Reputation: 20862
09/27/2009 19:48:00 Departure Location
I am trying to match and substitute the given line in a text file. The length of the text after date and time can vary. I am reading the file line by line and I need the final output to be printed as--
Date=> 09/27/2009
Time=> 19:48:00
Text=> Departure Location
I have tried to do the substitutions in one pass as follows-
if($line =~ m/(\d+)\/(\d+)\/(\d+)\h{1}(\d+):(\d+):(\d+)/){
$line =~ s/(\[a-zA-Z])/\nText=> $1/;
$line =~ s/(\d+)\/(\d+)\/(\d+)/\nDate=> $1\/$2\/$3/;
$line =~ s/\h{1}(\d+):(\d+):(\d+)/\nTime=> $1\:$2\:$3/;
print FH "$line\n";
}
But all I am getting is this-
Date=> 09/27/2009
Time=> 19:48:10 Departure Location
I know there is a problem in matching the Text
but I am not able to fix it. I am still a Perl beginner. Any help is appreciated. Thanks!
Upvotes: 2
Views: 4810
Reputation: 126722
Cramming as much functionality into a small space only contributes to the reputation Perl has for being incomprehensible.
This code seems much clearer to me
$line = <<END if $line =~ m|^(\d\d/\d\d/\d{4}) \s+ (\d\d:\d\d:\d\d) \s+ (.*)|x;
Date=> $1
Time=> $2
Text=> $3
END
Upvotes: 2
Reputation: 385789
You're doing too much work in your parser.
my ($date, $time, $text) = split(' ', $_, 3);
say "Date=> $date";
say "Time=> $time";
say "Text=> $text";
Upvotes: 2
Reputation: 13942
This pattern in particular is giving you trouble:
$line =~ s/(\[a-zA-Z])/\nText=> $1/;
There are a few problems with it. First, the backslash in front of the left bracket: \[
, is escaping the bracket so that your character class isn't a character class at all, but rather the literal text, "[a-zA-Z]
". Second, there is no "whitespace" permitted in your text match, so if the text portion of the string contains any space characters, (or punctuation) it will also fail to match. Third, there is no quantifier, so it will only match a single character. A final note is that it should probably be anchored to the end of the string. It might work like this (but don't use it, read on instead):
$line =~ s/([a-zA-Z\s]+)$/\nText=> $1/;
But there's probably a better solution. It can all be done in one pass without losing clarity. To me it starts to make more sense if you capture larger segments:
$string =~ s{^
(\d\d/\d\d/\d{4})\s # The date.
(\d\d:\d\d:\d\d)\s # The time.
(.+)$ # The rest (the text).
}{Date=> $1\nTime=> $2\nText=> $3}x;
As is usually the case, the /x modifier facilitates easier to read code.
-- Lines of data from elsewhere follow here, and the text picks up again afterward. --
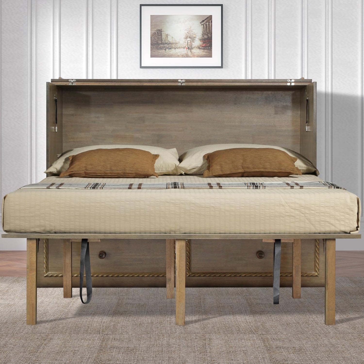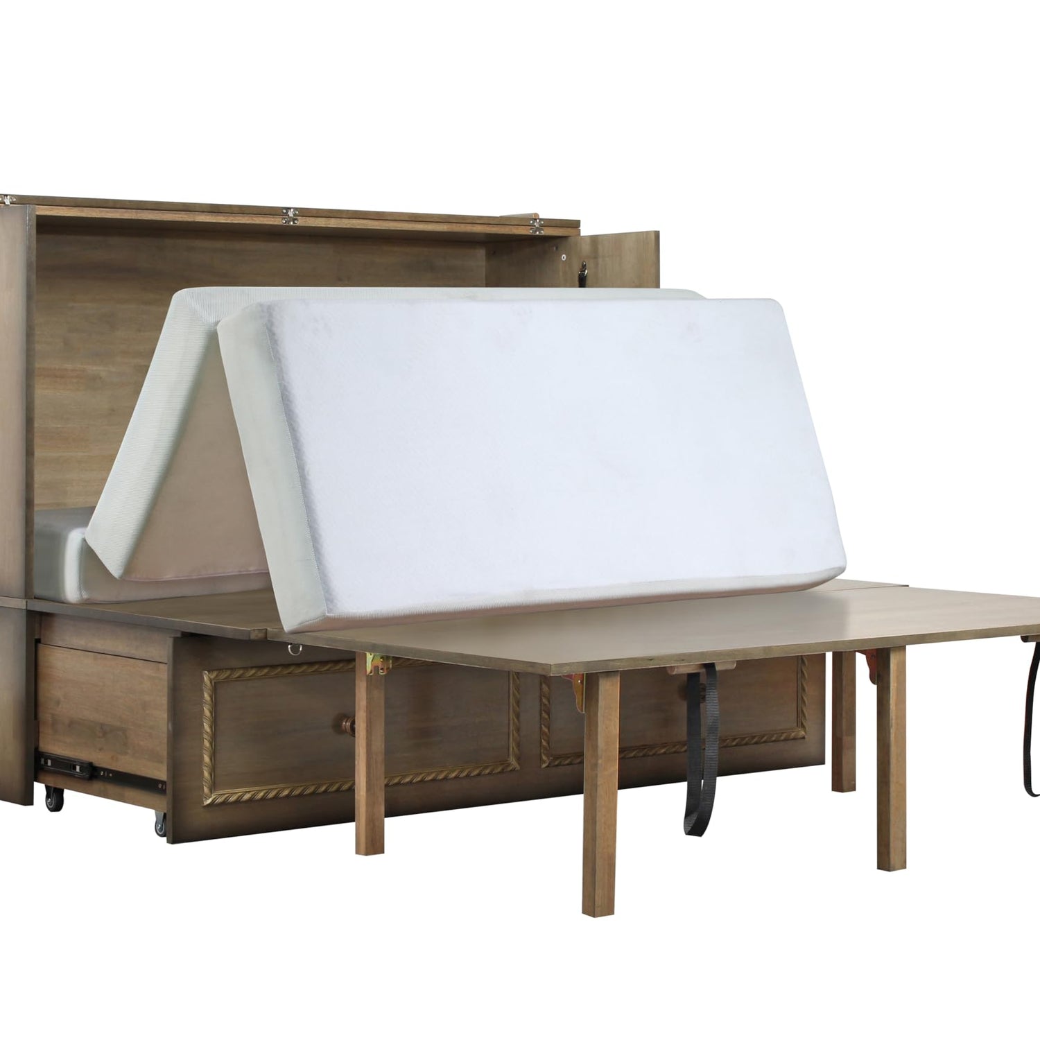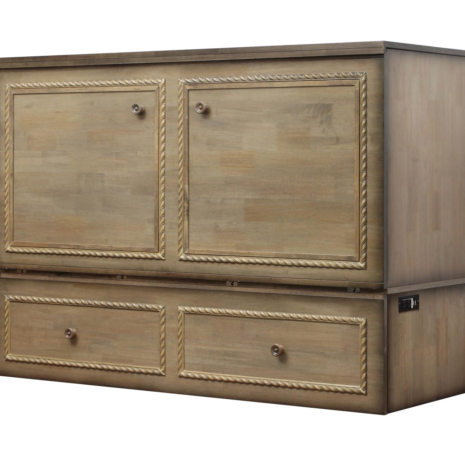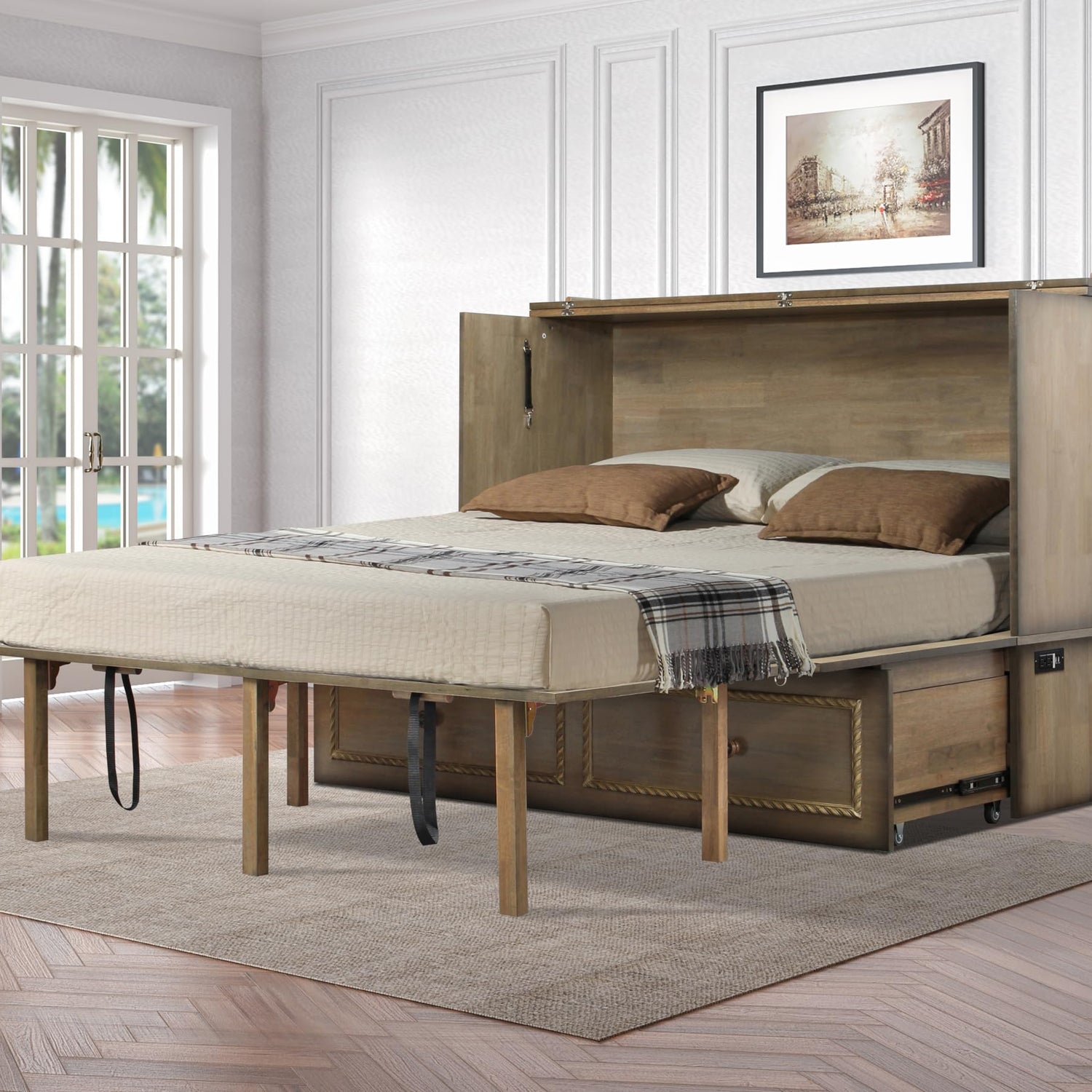 Mega Solutions Venetian Murphy Cabinet Bed with Deepest Storage Drawer On The Market and USB Charging Station (Queen, Latte)
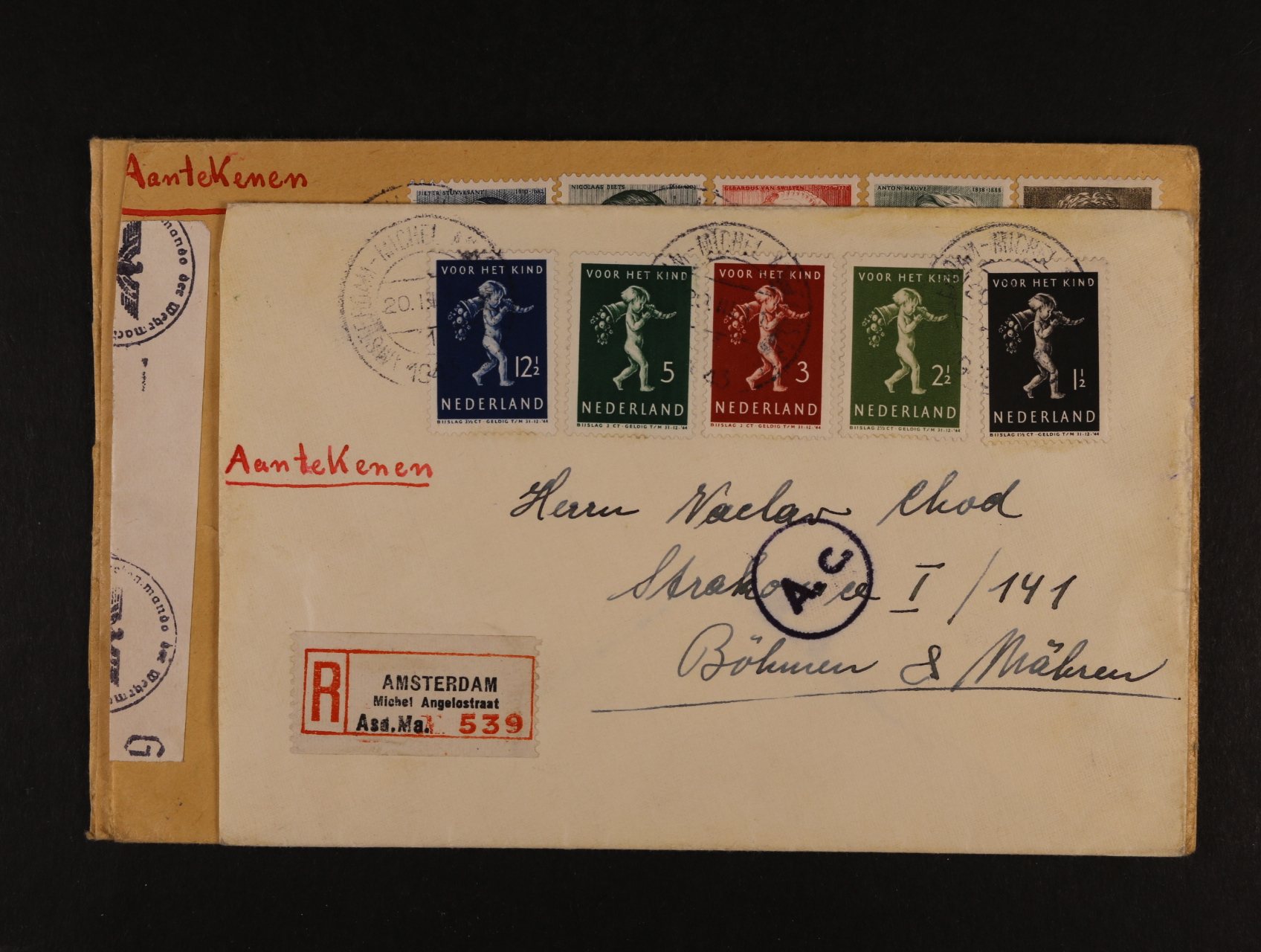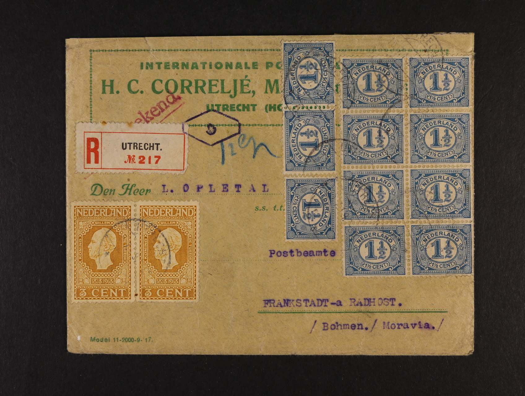 firemní R-dopis do ČSR frank. mj. zn. Mi. č. 82, pod. raz. UTRECHT 15.7.19, na zadní str. zálepka pošty v Utrechtu
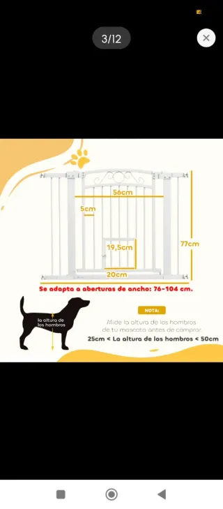 Dimensioni del prodotto: 116,5 x 82,5 cm. Peso del prodotto: 1,3 kg. Barriera estensibile per cani per proteggere da scale e porte, larghezza regolabile tra 17,5 e 116,5 cm.
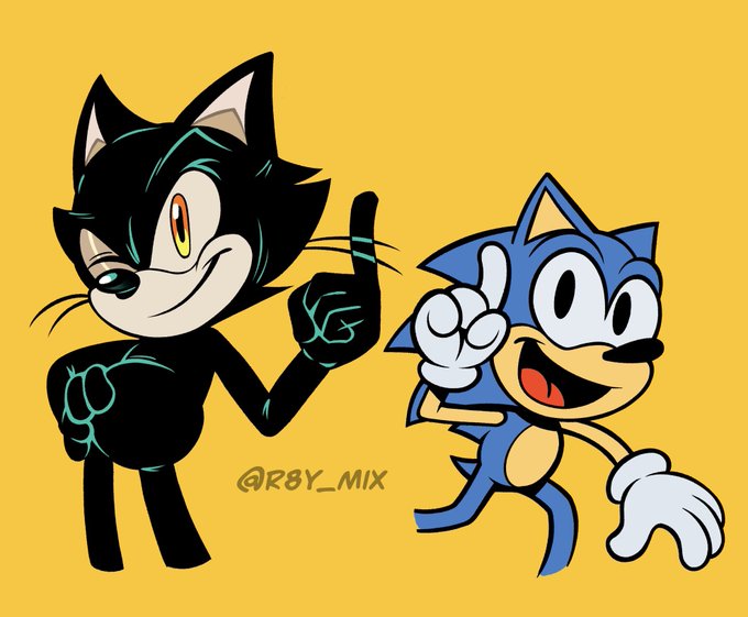 Drew @itsthebeastlyfigure Felix the cat in Sonic's form! Oh and also sonic the hedgehog in Felix's form! . #felixthecat #SonicTheHedeghog #digitalart #rubberhosestyle #fanart
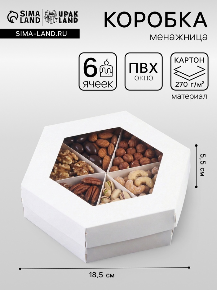 Коробка - менажница белая, с окном, 6 ячеек, 18.5×18.5×5.5 см
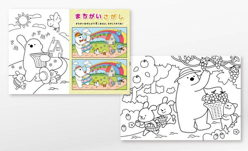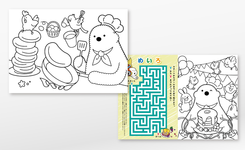 大手ハウスメーカーのノベルティとして塗り絵の制作に携わりました。既存のキャラクターを使うことのみが条件だったため、そこからストーリーを膨らませていき、森の仲間たちと楽しくパーティーを開くシーンを8Pにわたってイラスト制作。間違い探しや迷路といったページも設け、満足度の高いノベルティになりました。
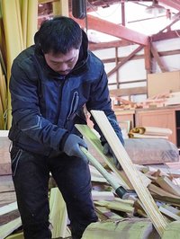 声をかけられたのが高山市出身で宮大工として修業を積んだ川上舟晴(しゅうせい)さん(39)。仲間たちと榑へぎの勉強会を作り、休日を費やして松山さんから技術を学び、練習に励んだ。苦労の甲斐(かい)あって、その後数人の大工が榑板を作れるようになり、葺き替え工事も担えるように。「川上さんたちの努力は目立たないが、もっと多くの人に知ってほしいこと」と松山さんは言う。

There are some good resources available for getting a handle on Perl's regular expressions. I would suggest starting with perldoc perlretut, which is "a basic tutorial on understanding, creating and using regular expressions in Perl."
Using named captures can also add a degree of clarity, especially as your regexes become more complex:
$string =~ s{
^
(?<date>\d\d/\d\d/\d{4})\s
(?<time>\d\d:\d\d:\d\d)\s
(?<text>.+)
$
}
{Date=> $+{date}\nTime=> $+{time}\nText=> $+{text}}x;
Upvotes: 4
Reputation: 118128
split with a limit would work nicely here. The pairwise
is not strictly necessary, but helped me avoid a loop:
#!/usr/bin/env perl
use strict; use warnings;
use feature 'say';
use List::MoreUtils qw( pairwise );
my $input = q{09/27/2009 19:48:00 Departure Location};
my @fields = qw(Date Time Text);
my @values = split ' ', $input, @fields;
{
no warnings 'once';
say join("\n", pairwise { "$a=> $b" } @fields, @values);
}
Output:
Date=> 09/27/2009 Time=> 19:48:00 Text=> Departure Location
Upvotes: 5